I ask about the latest album, Passwords. Thematically, it’s about relationships in the modern era, how we engage with people, particularly those whose ideas oppose ours. It’s a timely and critical work for present day America, I note.
“I’m from L.A., I’m an artist, you know, it’s not hard to imagine that I’m a liberal, but I also want to be sensitive to how these conversations are conducted. I think if you came over and left a dirty bowl in my sink and I turned around and said, ‘Hey, man, fuck you!’ it wouldn’t engender a conversation in which you would potentially say, ‘You know what? You’re right, that wasn’t nice of me to do.’ No one would do that. Everyone would conduct that conversation in a way where it’s like, 'Hey, can we talk about the fact that this isn’t how I like to do it and can you understand that, does that make sense? And do you have anything that you want to say to me?' and then move forward.
“And the fact that people are so goddamn mad – and for good reason – that they lose that sense of a civil discussion. I’m guilty of it too and I don’t even blame anybody.
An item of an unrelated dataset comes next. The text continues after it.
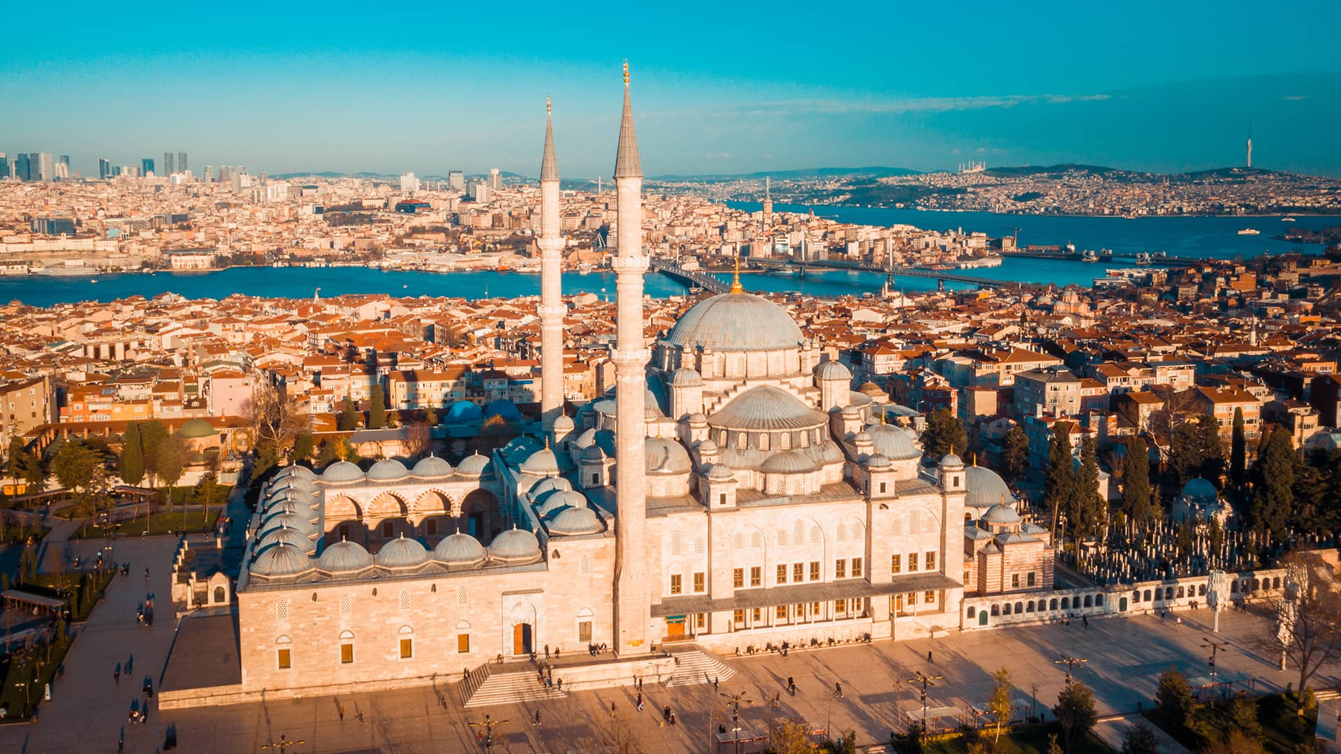The Magnificence of the Süleymaniye Mosque, stands out as it is perched on the Third Hill, it is an amazing sight as it pierces the İstanbul skyline and is one of the largest mosques in the city. Nestled in the incredible landscape of the Golden Horn, the mosque is surrounded by a sprawling courtyard, with the stunning interplay of ash-coloured domes and minarets only adding to its religious grandeur. The interior of the mosque is equally magnificent: plush carpets, magnificent chandeliers, luminous stained glass windows, and an ornately tiled mihrab dazzles visitors with their ceaseless architectural perfection.

But I also feel in order to get back to some sense of uniting on certain thoughts, or at least accepting people for who they are, it requires that bowl-in-the-sink kind of attitude – hey, just letting you know I want to just open this up for a dialogue.
Goldsmith boils our disagreements down to fear and love, specifically fear of how to protect those we love, “whether that’s your family that works in a coal mine in West Virginia or whether that’s the people in this caravan coming up through Mexico – these people are worthy of love and I don’t give a shit who you are and how you feel once that point is made. Some people would hear me say that and say, ‘Well, you’re not thinking about this or that.’ And I might say, ‘Well, you’re not thinking about this or that.’ And maybe both of us are wrong or both of us are right; but, we lose sense of the fact that this isn’t coming from an ugly place.”
We turn back to those Dawes identifies with best, the fans who have embraced the music and are sharing it with others. Is it difficult to stay close to them as they gain notoriety in the industry and accolades from music legends like Jackson Browne, Bob Dylan and Bruce Springsteen?
“Not at all,” Goldsmith said. “Bruce Springsteen is the perfect example. When you talk to people that have crossed paths with him, he introduces himself by his first and last name. He doesn’t assume anything. And he treats every musician that he comes across as a fellow musician, as someone that’s fighting the same fight he is, he feels just as lucky as anybody else for what he’s gotten. And you can tell by the way he conducts himself. He’s not a crazy rock star with a sordid past, he’s a workhorse. You could read all the books and interviews and he’s not trying to present himself as some tortured soul. Sure, he has his darkness, as we all do, but he’s someone who’s working on himself and he bears his soul in a way that always feels genuine, that feels like him. But, if he can be his true self and if he can constantly remind himself to be present and be grateful, then Dawes definitely can.”
Dawes returns to Houston — a favored city — 7 p.m. Sunday, November 4 at the Heights Theater, 339 W. 19th Street. $34.50, all ages.